Furthermore, the invention makes it possible to avoid the use of humidity sensors, i.e. the control device can be designed so that only temperature sensors are used together with flow rate sensors in the device. Although wet bulb sensors or electrical sensors can be used to detect humidity, these are best avoided as they are easily contaminated or damaged and are difficult to keep calibrated with a sufficient degree of accuracy.

With regard to the humidification device, the invention allows for even further simplification. As will be described in more detail below, an embodiment of the humidification device may comprise an air saturation device which wets surfaces over which the air flows with spray water, followed by a water removal device to remove the liquid droplets from the air stream. This is an arrangement in which the only input required is the water supply rate for spraying water to keep the surfaces wet, and even this does not need to be precisely controlled or even monitored. Thus, a humidification device according to the invention may be one which does not require, for example, any controllable heat input or monitoring of the temperature of the water supply.

In an apparatus according to the invention, a process of rapidly controlling the moisture content of a fabric is carried out using air of controlled temperature and relative humidity to supply moisture to the fabric so that the fabric increases its moisture content to a level known as the equilibrium recapitulation for that temperature and humidity. The air is blown/sucked through the fabric to reduce the thickness of the obstructive boundary layer of stationary air around the fibers which slows down the conditioning process. The passage of the air through the fabric provides a source of moisture to be absorbed and provides for the removal of heat released by the process which would otherwise slow down the process. A decrease in the thickness of the boundary layer occurs and this, together with the removal of heat generated at the fiber surfaces, causes the fabric to absorb moisture much more readily than if the process were allowed to proceed passively. To ensure an economically viable speed of the process, the air velocity must be sufficient to adequately reduce the thickness of the boundary layer around the fibers. As the air velocity through the fabric increases, the rate of transport of moisture to the fabric and heat away from the fabric also increases; but this simultaneously increases the operating costs of the process. Cost factors therefore influence the choice of both a lower and an upper value for the air velocity through a fabric.

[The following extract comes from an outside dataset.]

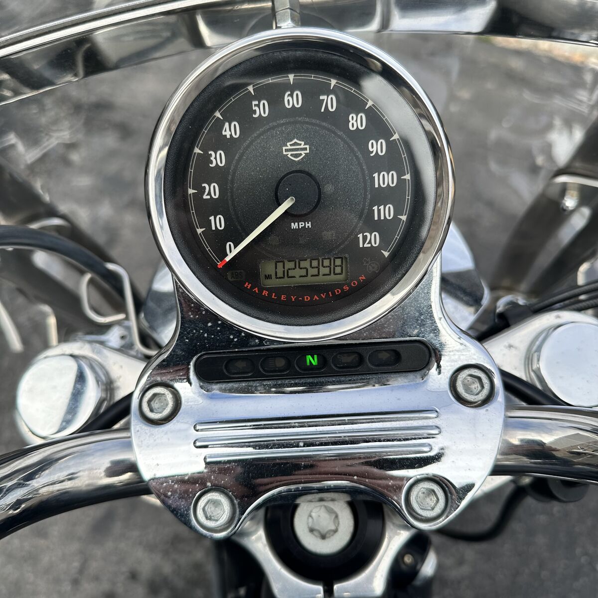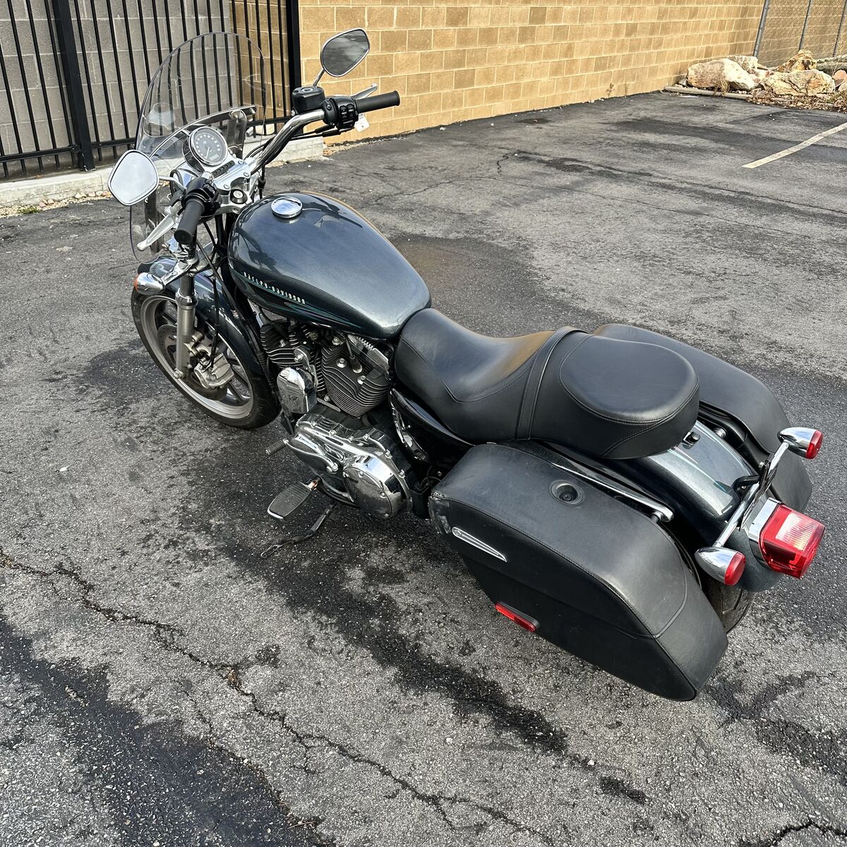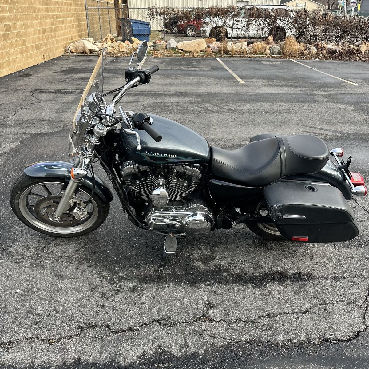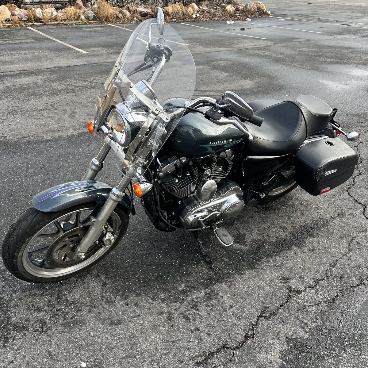 The Super Low sits a little lower than the other Sportsters and this one has a few upgrades; Saddlebags, quick release windshield, a comfort touring seat, and mini floorboards. It has a cool paint job with 90s style pin-striping. It is running smooth and is ready to ride with barley 26k miles and a clean title.

The applicant has determined that the rate at which conditioning takes place is proportional to the square root of the air velocity through the fabric (which determines the thickness of the boundary layer through which the vapour must diffuse) and proportional to the saturated vapour pressure of the water at the process temperature (which determines the gradient and hence the water vapour diffusion rate through the boundary layer). This means that, contrary to the disclosure of Medley et al., the process is not directly proportional to speed and that the fabric weight is not a is a significant input into the control of the conditioning process, mainly because of the high air velocities involved.

In an apparatus according to the invention it is therefore not necessary for the speed of a humidified air stream penetrating a fabric to be regulated or controllable depending on the weight of the fabric undergoing conditioning. Preferably the humidified air is forced through a fabric at a speed of about one meter per second. Speeds above this figure are increasingly uneconomical and speeds below about half a meter per second make the process uneconomically slow due to the increase in the resistance of the boundary layer of stationary air on the fibers.

The invention also provides a method for conditioning a material, in which a flow of conditioned air of predetermined temperature and relative humidity is forced through a material while the material is moved through a conditioning chamber, which is characterized in that the speed of the flow of conditioned air is at least 1/2 m/s and the predetermined temperature and relative humidity are maintained by

(a) a controlled, variable proportion of ambient air is admitted to the conditioned air flow, and

(b) a controlled, variable proportion of the flow of conditioned air forced through the fabric is saturated.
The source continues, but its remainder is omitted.